We could use something like Google Drive to store the files, but in the spirit of decentralization, why not take advantage of a technology like the InterPlanetary File System (IPFS)? IPFS is a P2P network that hopes to one day replace the aging HTTP as the Internet’s next file transfer protocol. Until we get there, it’s a great way to share large files in a distributed way. I’d encourage you to check out the full documentation, but for our purposes, the important thing to know is that when you upload a file, its contents are broken into “blocks” and shared amongst a swarm of peers. They use a clever addressing scheme called a Distributed Hash Table (DHT), which allows you to retrieve any shared file by using its unique hash identifier.
A full step-by-step guide for setting up the code on the Raspberry Pi is in the README file in the repo, but an important note is that because I am using a Python library called IPFS HTTP Client (which communicates with IPFS’s API and therefore isn’t completely up to date), I had to downgrade to go-ipfs v0.4.23. Using the Raspberry Pi 4 with a 64-bit version of Raspbian, I went with this distribution.

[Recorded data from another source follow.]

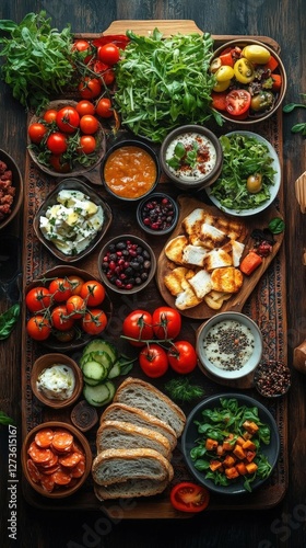 © Semi, Fototapeta premium Assortment Of Healthy Foods On Rustic Wooden Board
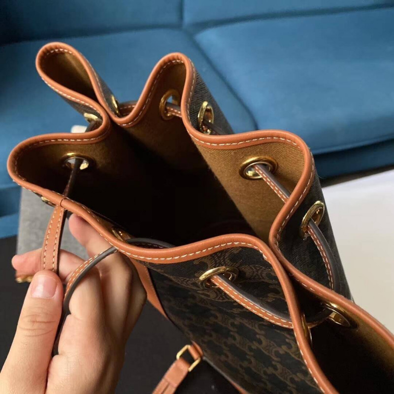 Celine Small Bucket In Triomphe Canvas And Calfskin 191442
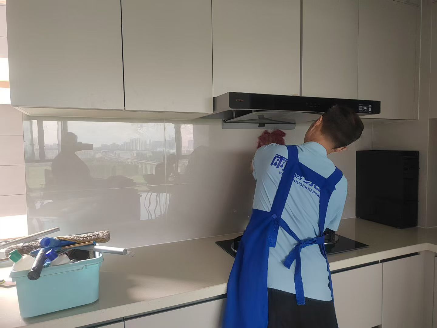 保洁人员清理厨房。(受访者供图)
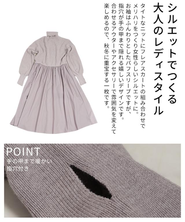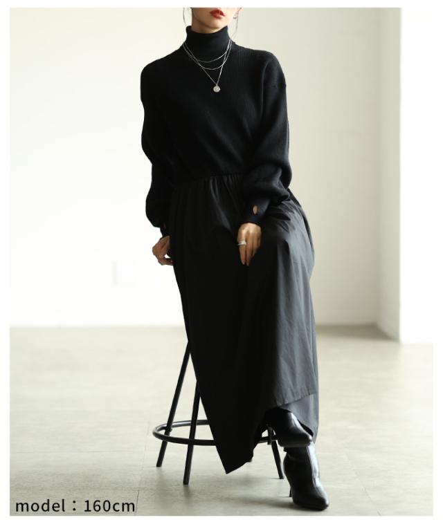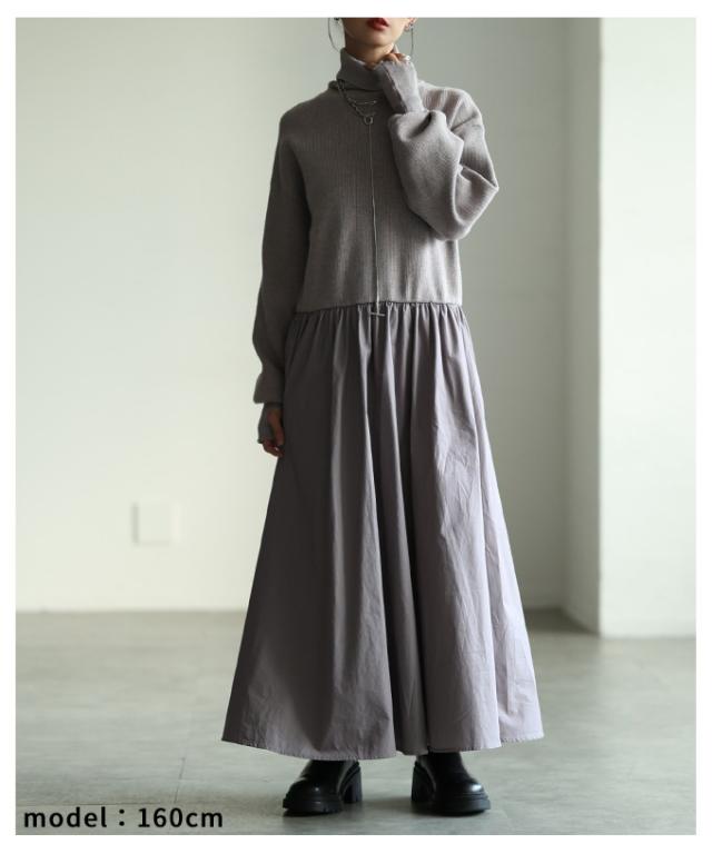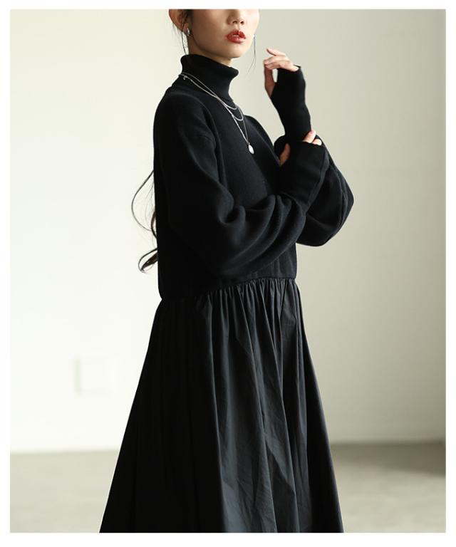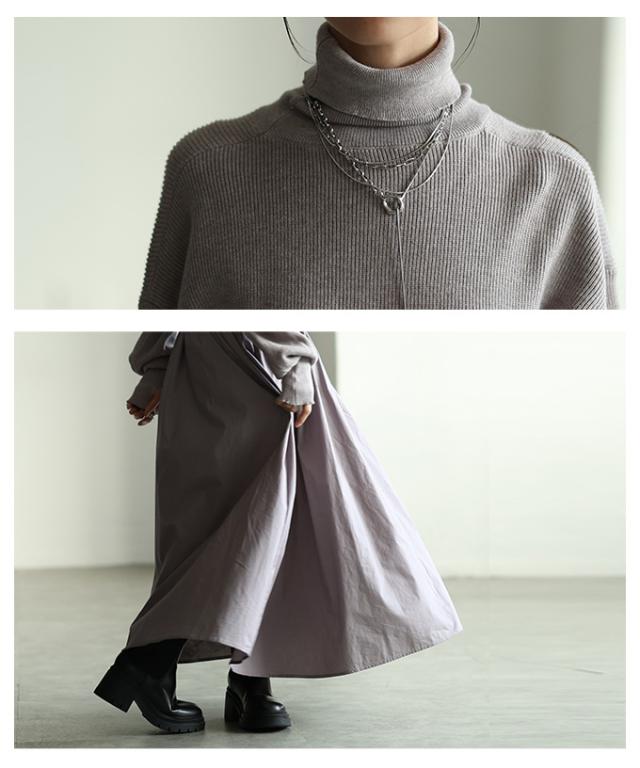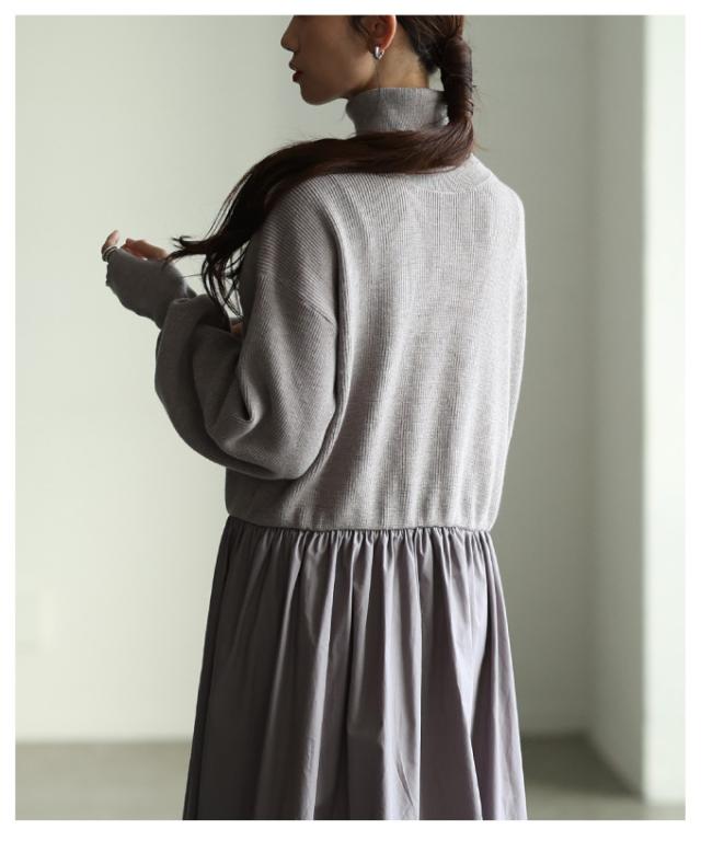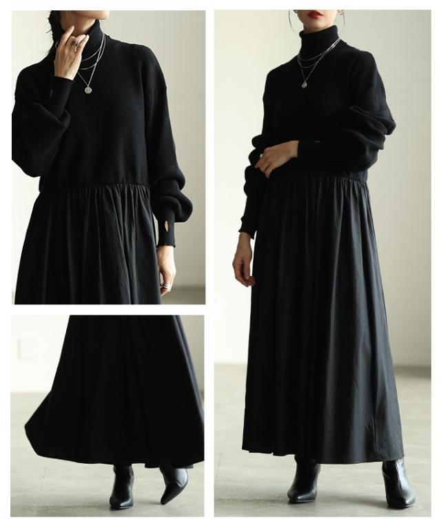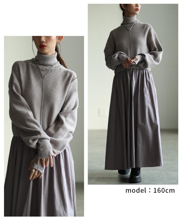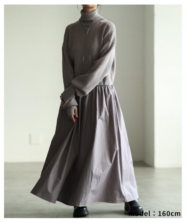 特徴: ニット 異素材 ドッキング タートルネック フレア 綿 コットン
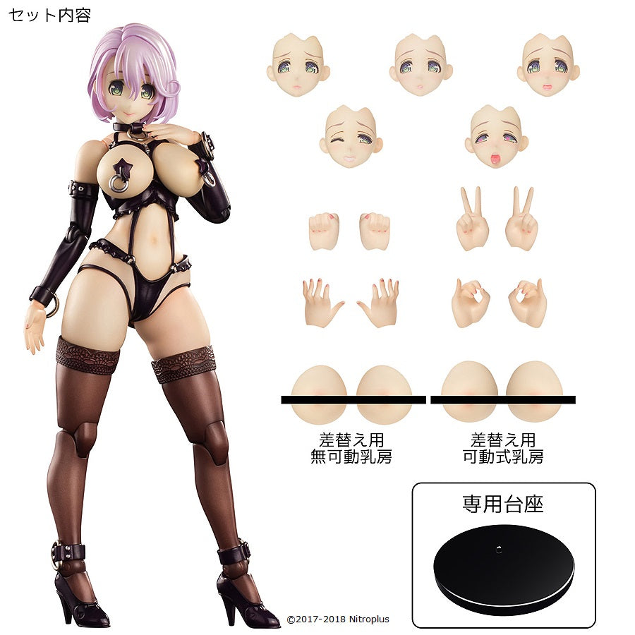 It has the abundant attached parts which contain five sorts of expression parts, such as the acme face and the "movable breast".

When the updated file is added to IPFS, it returns the hash address (you can identify IPFS hashes by their Qm... indexing). When I insert a new, unconfirmed transaction to the database, it will contain just the IPFS hash instead of the data itself, which would be extremely inefficient to replicate over a blockchain.
The core logic of the transaction processing (from webhook_retrieval.py):
# check if data changed
try:
cur = db_conn.cursor()
sql = """SELECT ipfs_addr FROM world_state WHERE dev_eui = %s;"""

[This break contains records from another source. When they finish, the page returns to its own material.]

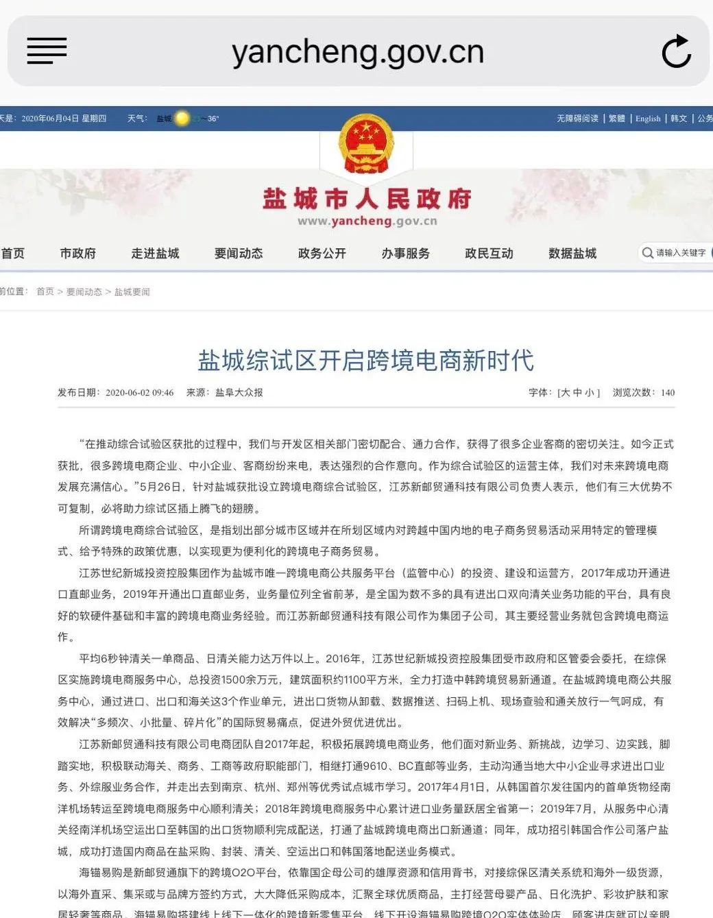 近日,“學(xué)習(xí)強(qiáng)國”APP、中共江蘇省委新聞網(wǎng)、鹽城市人民政府網(wǎng)站、鹽阜大眾報(bào)等多家主流媒體報(bào)道鹽城跨境電商“綜試區(qū)”。
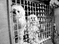 19日,在白春街某号楼,刚踏上五楼楼梯,便清晰地听见楼上传来一阵阵狗叫声。6楼楼梯的扶手上立着一根铁管,铁管上方横向固定了两根铁棍,形成了一个长和宽各一米左右、高大约两米,向外凸出的空间,正对着六楼那户居民家。这个向外凸出的空间,被“很好”地利用了:下面一米左右是一个锁着的柜子,中间是狗笼,里面养着两只小白狗。狗笼上面堆放着杂物。
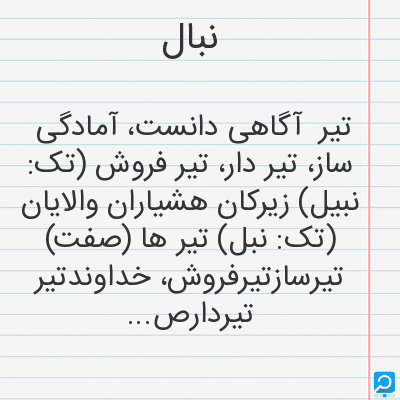 آگاهی دانست، آمادگی تیر ساز، تیر دار، تیر فروش (تک: نبیل) زیرکان هشیاران والایان (تک: نبل) تیر ها (صفت) تیرسازتیرفروش، خداوندتیر تیردارصاحب تیر. (صفت) جمع نبیل. ، جمع نبل.
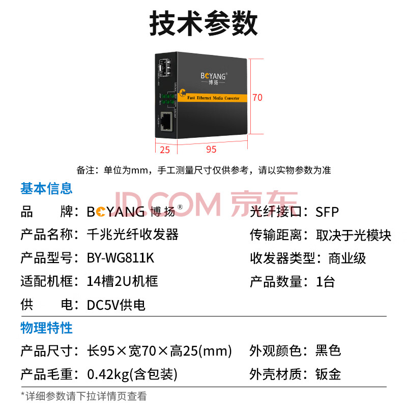 商品相册:博扬(BOYANG) 千兆SFP收发器 光电转换器 支持14槽机架 防雷防浪涌 SFP接口不含模块 外置电源一台 BY-WG811K第
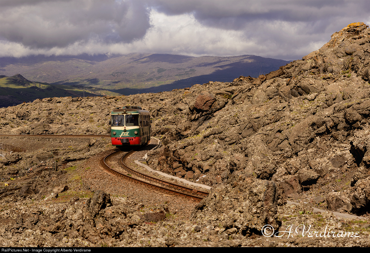 RailPictures.Net Photo: Ferrovia Circumetnea (FCE) ADe14 at Bronte (north side of Volcano Etna), Italy by Alberto Verdirame
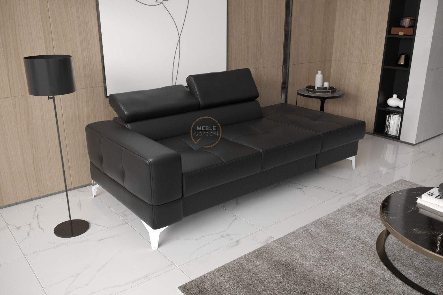 Sofa TOSCANIA II lenoška 205 cm přírodní kůže - černá kůže, pravá strana
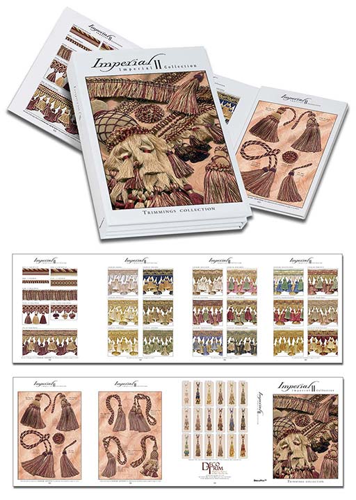 Inquire about the Imperial II Collection Sample Book. Measuring 11" x 16" closed, it showcases live samples of all available Imperial II trims, color swatches showing all available colors, as well as photos of the tassel and tie back suites.

cur.execute(sql, (dev_eui_list[id],))
old_addr = cur.fetchall()[0][0]
except IndexError:
old_addr = []
if len(old_addr) == 0:
# device is new - add to mining pool
sql = """INSERT INTO mining_queue(dev_eui, account_id, blocks_mined, valid_txns, invalid_txns) VALUES(%s, %s, %s, %s, %s);"""
cur.execute(sql, (dev_eui_list[id], ACCOUNT_ID, 0, 0, 0))
db_conn.commit()
# update world state
sql = """INSERT INTO world_state(dev_eui, latitude, longitude, ipfs_addr, account_id, city) VALUES(%s, %s, %s, %s, %s, %s);"""
cur.execute(sql, (dev_eui_list[id], 'lat', 'lon', res['Hash'], ACCOUNT_ID, CITY))
db_conn.commit()
# insert as transaction
sql = """INSERT INTO transaction_data(account_id, timestamp, ipfs_addr, confirmed, txn_hash) VALUES(%s, %s, %s, %s, %s);"""
ts = str(np.round(time.time()))
txn = ACCOUNT_ID + ts + res['Hash'] + '0'
cur.execute(sql, (ACCOUNT_ID, ts, res['Hash'], '0', hashlib.sha256(txn.encode()).hexdigest()))
db_conn.commit()
print('Inserted data for new device and added to mining pool.')
elif old_addr != res['Hash']:
# data has changed - insert update as transaction
sql = """INSERT INTO transaction_data(account_id, timestamp, ipfs_addr, confirmed, txn_hash) VALUES(%s, %s, %s, %s, %s);"""
ts = str(np.round(time.time()))
txn = ACCOUNT_ID + ts + res['Hash'] + '0'
cur.execute(sql, (ACCOUNT_ID, ts, res['Hash'], '0', hashlib.sha256(txn.encode()).hexdigest()))
db_conn.commit()
print('Updated ipfs_address.')
else:
print('Nothing to change.')
MiningA key component of any blockchain is its consensus algorithm, which is an agreed-upon set of procedures for how the distributed nodes come to an agreement on the current state of the chain. You are probably familiar with the mining procedure of Bitcoin and Ethereum, which is known as Proof of Work (PoW). PoW is notoriously inefficient and costly (in fact, Ethereum is planning to switch to Proof of Stake soon). There are dozens of other consensus protocols (Helium’s Proof of Coverage algorithm is particularly clever) that are much more energy-efficient and do not require specialized hardware. I’m using something I call “Proof of Forecast” (PoF), which is essentially two distinct steps intended to address the specific function of keeping a weather network up and running. The two steps are:
1. Proof of Retrievability: A distributed weather network may have problems with data storage, so we want to make sure that when a node submits a transaction, the contents can be accessed by others. This also prevents (in part) exploitative actors from just spamming the transaction list with empty or corrupted weather data.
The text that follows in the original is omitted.